Not all basil is created equally, and for that I am thankful because all of them make different, striking additions to my herb garden. Here are some of my favorites:
Purple Ruffles: I grow these as a decoration and a "fragrant-filler" for my bouquets. The color really shines with orange and yellow flowers!
Globe Basil: A bit more spicy than regular basil. I use it as an accent planting in my flower beds, as they take on a rounded-hedge appearance (almost like a topiary!).
Genovese Basil: More fragrant and flavorful than any other I have grown. The green leaves are huge and bountiful, making for a great pesto.
Red Rubin: Filled with flavor and my favorite to add to my salads, herb vinegars, and garnishes.
Once you are hooked on growing herbs, one kind alone is never enough. Somehow, I find room in my garden for each of these basils and every year, they do so well that it could easily become inundated if I do not keep the flowers pinched off. I've learned to take the time to dry my basil or turn it into pesto and I love to give both away as gifts throughout the year. Pesto is not only delicious, but good for you with all the healthy fats included using olive oil and pine nuts. With such a concentration of flavor, a little bit goes a long way.

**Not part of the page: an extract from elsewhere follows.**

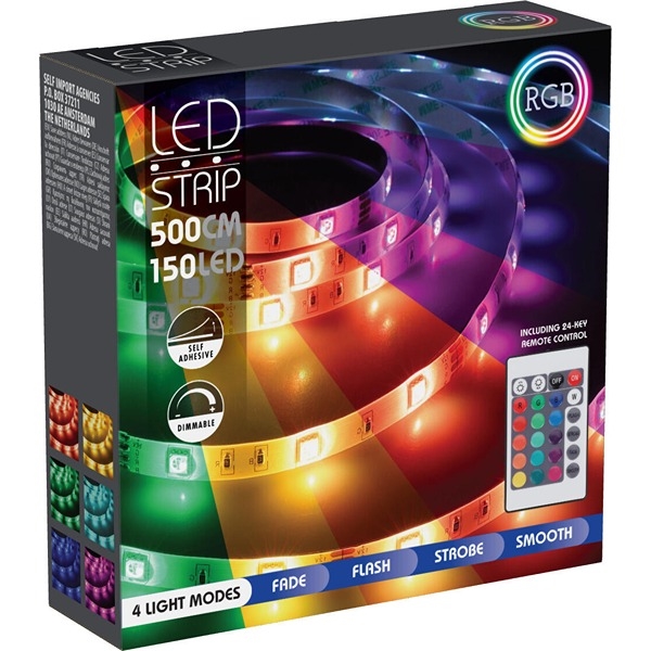 Produkt:  LED-bånd 5 m 150 LED med fjernkontroll - Selvklebende og klippbar

A tip for storing large quantities of pesto is to freeze them in small ziplock bags, for the most efficient storage and defrosting. Here is the recipe I love to use, one especially easy to prepare in bulk.
In Good Health,
P.S. Basil is essential to anyone's herb collection. Add it to your own at the Bloomers & Bites store.

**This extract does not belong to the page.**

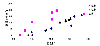 | 圖3 亞麻、苧麻及棉織物斷裂強度與回復角的關系 |

This is the true taste of mid-summer. Try it in your next pasta dish, or a topping for roasted chicken. Slather some on slices of fresh baguette, topped with bruschetta or sun-dried tomatoes, sprinkled and broiled with freshly grated Parmesan. However you eat it, prepare for explosions of marvelous flavor in each bite.
4 cups coarsely chopped fresh basil leaves
1 cup pine nuts (½ cup toasted walnuts is a good substitute, or omit them completely if you aren't a fan like me)
½ cup extra virgin olive oil
1 cup grated Parmesan (freshly grated is best, but you can also use regularly packaged Parmesan)
2 cloves garlic, crushed
Using your food processor, add all ingredients except olive oil. Process about 10 seconds.
With the motor running, slowly pour in olive oil and process another 10 seconds, or until oil is absorbed
Stop motor, scrap sides, then process another 5-10 seconds longer. Put pesto in glass jar with lid and over with another drizzle of olive oil to keep pesto fresh. Cover tightly and store in refrigerator for up to one week.